ARM Emulation on ARM
The emulator interface will be the same as the emulator on the emulator that generates x86 code, but takes a different approach to code generation due to the similarity of emulated and host processors.
Basically, code generated by the emulator is isolated from the Linux code by a code fragment that stores and replaces Linux register values with the emulator's register values on entry and does the opposite on exit. Most instructions can then simply be copied verbatim from the emulated code to the generated code. Since the emulator generated code needs some workspace to deal with, four registers have been reserved and instructions that use the reserved registers will be modified and supplemented with code to load and/or store the stored register's values into reserved registers.
For example:
ADD r1, r4, #17
Would be copied, but
ADD r8, r9, r10 LSL#2
needs to be replaced with something like
LDR r8, [r11, #40] ; Load arm_emulator_regs[10] into r8 LDR r9, [r11, #36] ; Load arm_emulator_regs[9] into r9 ADD r8, r9, r8 LSL#2 ; The original instruction with the register fields replaced STR r8, [r11, #32] ; Store r8 into arm_emulator_regs[8]
Use of r15, the program counter, will also be recognised by the emulator and code generated to emulate either the 26-bit or 32-bit PC, depending on the current mode.
The reserved registers chosen are r8-r11, since:
- They appear to be the least used registers in the RISC OS 4.02 ROM
- They are in a block of four, aligned on a four register boundary, which allows instructions using them to be identified by checking the top two bits of the register number (0b10xx)
- Four is the smallest number of registers that this can work with, considering instructions like ADD r11, r10, r9, LSL r8 need three registers to hold the "input" values (we can re-use one of them as the destination register) and one more register (r11) to store a pointer to the emulator's registers in memory (plus the stored caller's registers and the emulator's PSR).
For example:
ADDEQ r8, #1
Can't simply do this:
LDREQ r8, [r11, #32] ADDEQS r8, #1 STREQ r8, [r11, #32]

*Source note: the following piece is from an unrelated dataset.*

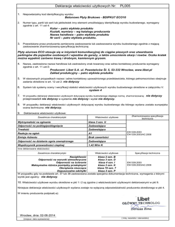 Deklaracja właściwości użytkowych Nr: PL005 1. Niepowtarzalny kod identyfikacyjny wyrobu: Betonowe Płyty Brukowe - BDIPKU7 ECO10 Numer typu, partii lub serii lub jakikolwiek inny element umożliwiający identyfikację wyrobu budowlanego, wymagany zgodnie z art. 11 ust 4: 2. Kolor – patrz etykieta produktu Kształt, wymiary – wg katalogu producenta Nazwa handlowa – patrz etykieta produktu Nr serii – patrz etykieta produktu. 3. Przewidziane przez producenta zamierzone zastosowanie lub zastosowania wyrobu budowlanego zgodnie z mającą zastosowanie zharmonizowaną specyfikacją techniczną: Płyty ażurowe ECO stosuje się w inżynierii komunikacyjnej do ciągów pieszych oraz utwardzania parkingów dla pojazdów osobowych i wjazdów do garaży, a także umocnienie skarp i rowów. Oczka kratek można wypełnić zarówno trawą i drobnym, kamiennym grysem. 4. Nazwa, zastrzeżona nazwa handlowa lub zastrzeżony znak towarowy oraz adres kontaktowy producenta wymagany zgodnie z art. 11 ust.5: Producent: Libet S.A. ul. Powstańców Śl. 5, 53-332 Wrocław, www.libet.pl Zakład produkcyjny – patrz etykieta produktu 5. W stosownych przypadkach nazwa i adres kontaktowy upoważnionego przedstawiciela, którego pełnomocnictwo obejmuje zadania określone w art. 12 ust 2: nie dotyczy 6. System lub systemy oceny i weryfikacji stałości właściwości użytkowych wyrobu budowlanego określone w załączniku V: system 4 7. W przypadku deklaracji właściwości użytkowych dotyczącej wyrobu budowlanego objętego normą zharmonizowaną: nie dotyczy przeprowadził nie dotyczy w systemie nie dotyczy i wydał nie dotyczy. 8. W przypadku deklaracji właściwości użytkowych dotyczącej wyrobu budowlanego dla którego wydana została europejska ocena techniczna: nie dotyczy. 9. Deklarowane właściwości użytkowe: Właściwości użytkowe Zasadnicze charakterystyki Wytrzymałość na zginanie klasa 3 ozn. U Odporność na poślizg/poślizgnięcie Zadawalająca Trwałość Zadawalająca Reakcja na ogień A1 Emisja Azbestu Brak zawartości Odporność na działanie ognia zewnętrznego Zadowalająca Współczynnik przewodności cieplnej 1,42 W/m·K Zharmonizowana specyfikacja techniczna EN1339:2003 EN1339:2003/AC:2006 Inne deklarowane właściwości: Zasadnicze charakterystyki Właściwości użytkowe Specyfikacja techniczna Nasiąkliwość klasa 2 ozn. B Odporność na warunki atmosferyczne klasa 3 ozn. D Odporność na ścieranie klasa 4 ozn. I EN1339:2003 EN1339:2003/AC:2006 Maksymalne różnice pomiędzy przekątnymi klasa 2 ozn. K Obciążenie niszczące klasa 70 ozn. 7 Dopuszczalne odchyłki klasa 2 ozn. P W przypadku gdy na podstawie art. 37 lub 38 zastosowana została specjalna dokumentacja techniczna, wymagania z którymi wyrób jest zgodny: nie dotyczy. 10. Właściwości użytkowe wyrobu określone w pkt 1 i 2 są zgodne z właściwościami użytkowymi deklarowanymi w pkt 9. Niniejsza deklaracja właściwości użytkowych wydana zostaje na wyłączną odpowiedzialność producenta określonego w pkt 4. W imieniu producenta podpisał(-a): Wrocław, dnia: 02-06-2014 (miejsce i data wystawienia) ( imię, nazwisko i stanowisko) Kopia informacji towarzyszącej oznakowaniu CE (przykładowa etykieta) Producent Kod identyfikacyjny wyrobu Nazwa handlowa, kolor Indeks wyrobu Nr serii Zakład produkcyjny ` Deklaracja właściwości użytkowych nr. PL005 dotyczy następujących wyrobów: Ażur 40x60x10 We wszystkich wariantach kolorystycznych i ew. obróbki dodatkowej, w wersjach z fazą, mikrofazą i bez fazy (wg katalogu producenta).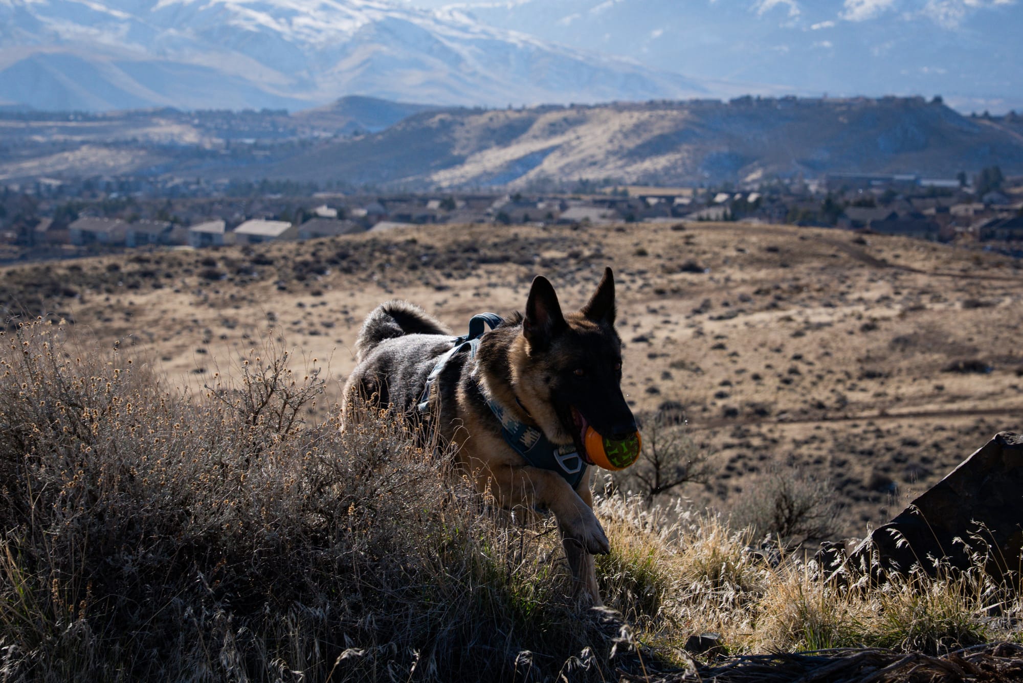 Princess was pretty good at keeping that ball in her mouth the whole time we were there, besides snow-eating breaks and a couple charges at rabbits. At the end, she did fully forget the ball, and I had her search for it, with success. It's a good ball, which has survived two years without getting destroyed by her, still squeaking whenever she gives it a really good squeeze.

because the final instruction will execute on the conditions set by the preceeding instruction.
So, in cases where the instruction condition is not AL, and a reserved register may be modified by the instruction, the generated code will have to be more like this:
ADDNE pc, pc, #offset LDR r8, [r11, #32] ADDS r8, #1 STR r8, [r11, #32]
I'll have to experiment to see if it's more efficient to implement all conditional instructions with a opposite-condition hop over unconditional instructions or copying the emulated instruction's condition to each of the generated instructions. I suspect that the hop approach will be easier to implement and also faster at generating code, so that's what I'll try initially.
Two details that have cropped up in the implementation so far are that:
- The generated code needs to be written to a writable, executable area of memory, so not a global variable but an anonymous mmap'd area (or possibly a global variable declared specially, perhaps in an assembler file?)
- The ARM instruction cache needs clearing after generating code. Linux provides a call: __clear_cache( void *begin, void *end ) - begin is inclusive, end is exclusive.